Лукавая улыбка, игравшая у нее на лице с первых секунд их встречи, исчезла. Она оскалилась, блеснув зубами, которые заострила после смерти, и добавила:
— Я ничего не пропустила. Суд. Приговор. Каждую жалкую секунду в тюрьме, когда ты молил о прощении…
— Никого я не молил! — проворчал Том Реквием.
— Еще как. Ты рыдал, пока из носа не потекли сопли, так боялся оказаться в аду за грехи. Но ты везучий сукин сын, Том Реквием, ведь куча людей попала в пекло и за меньшие проступки! Гораздо меньшие! Другие горят в вечном пламени за преступления против естества и господней любви. Но ты… ты возглавишь Парад, выведешь нас из Подземья в бедный подлунный мир.
— Ага… Здорово получилось, да? То есть я не могу сказать, что не обделался, когда оказался в том проклятом гробу. Но теперь… все налаживается.
— Только не думай, что ты один будешь веселиться. Я тоже участвую в параде, чтобы присматривать за тобой и убедиться, что ты не натворишь дел.
— Правда?
— Признай, тебя это бесит.
— Ну, сам я о тебе, конечно, не вспомнил бы, — ответил Том: — Но, возможно, теперь мы снова друг в друга влюбимся.
— Сомневаюсь, — улыбнулась Мэри Резня.
— Но ты очень красива.
— Ты сказал это за несколько минут до того, как вонзить нож мне в сердце.
— Ох, стоит ли вспоминать прошлое? Оно быльем поросло.
— Нет, Том, не правда. Честно говоря, сбросив смертную оболочку, я освоила клинки и могу защититься от тебя или любого другого труса, если он попытается причинить мне вред.
— Какой вред? Ты мертва.
— Они ведь не рассказали тебе о наших зрителях?
— Нет.
Мэри Pезня саркастически улыбнулась:
— Мы дадим представление падшим ангелам, Том. Прогнившим душам, что оставили место рядом с господом, ради жалкой надежды на революцию. Вот наши единственные зрители, и они опасны, Том. Любители злых шуток. Разрушители надежд. Они день и ночь плетут заговоры, пытаются снова восстать против Неба.
— Мне все равно.
— Будет не все равно, если перейдешь им дорогу. Мы можем умереть тысячи раз от рук этих существ, и каждая смерть станет трудной.
— Тогда никакого шоу. Просто отправимся, куда глаза глядят.
— Только послушай себя. Говоришь так, словно они нас наняли и доверяют нам. Мы с ними похожи! Им известно, кто ты, Том: лжец, мошенник и вор.
— А что они говорят о тебе? Изменница?
— Возможно.
— Шлюха?
— Полегче со словами. У меня нежное сердце.
— У тебя? Сердце? Ты задушила кучу нежеланных младенцев и избавлялась от матерей, умерших во время родов… не изображай святую… не со мной. Мы слишком хорошо друг друга знаем… и так сильно ненавидим…
— Ах, Том, ненависть это только начало, — сказала Мэри Резня, склонившись к нему: — Я испытываю к тебе тысячу разных чувств, и ни одно из них не приятно.
— И все же… когда отправляемся?
— Сперва, — ответила Мэри: — Не желаешь ли увидеть мой номер?

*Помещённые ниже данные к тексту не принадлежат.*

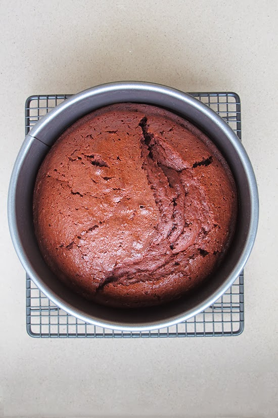 Como podéis comprobar, he respetado la forma original del pastel que sube por acción del impulsor. Si os apetece que sea más plano tenéis dos opciones: O bien enrasarlo con un cuchillo largo o una lira despreciando la parte alta. O bien colocando un bol con agua en el horno debajo del bizcocho mientras se hornea. Para decorarlo le daremos la vuelta, así nos quedará la parte más lisa y bonita.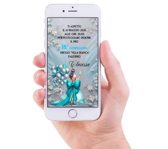 Invito Digitale 18 anni in formato digitale pronto da inviare ai vostri invitati tramite whatsapp, o email.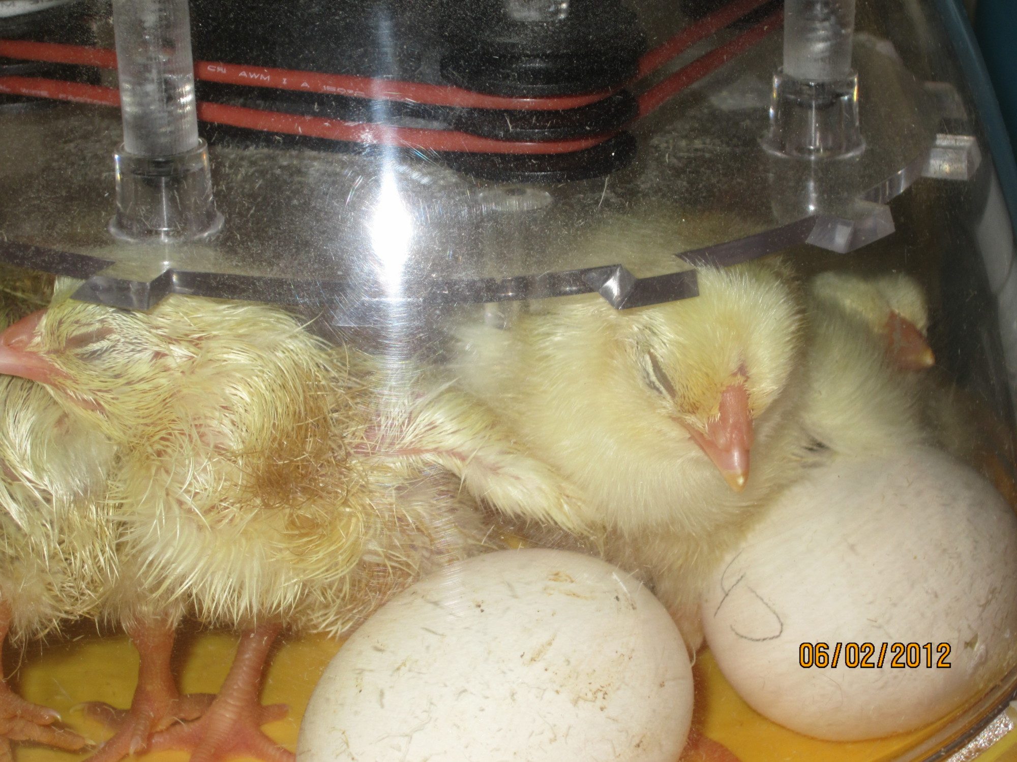 Incubator full of little chantecler's from Jim Hall. 2 eggs left to hatch setting in front, chicks behind....

— Не знал, что он у тебя есть.
— Я не просто милое личико, Том, в отличие от некоторых. Вот, — она щелкнула пальцами и огромный деревянный сундук, украшенный карнавальными узорами — канареечно-желтыми, красными, зелеными и золотыми — скользнул по земле и остановился у ее ног. Ни одна собака или птица не подчинялась своей хозяйке лучше, чем он.
— Откройся! — приказала Мэри.
Замок щелкнул почти сразу. Крышка сундука поднялась и его содержимое взмыло в воздух, сверкающим бритвенно-острым роем. Мечи, мечи и еще раз мечи. Мечи полководцев, мечи мясников, мечи, прямые, как божий взгляд, мечи, изгибавшиеся, как спина женщины.
— Поскольку ты был так жесток, что отнял у меня возможность иметь детей…
— Значит мертвые бесплодны? — легкомысленно сказал Том: — Жаль. Я бы попробовал.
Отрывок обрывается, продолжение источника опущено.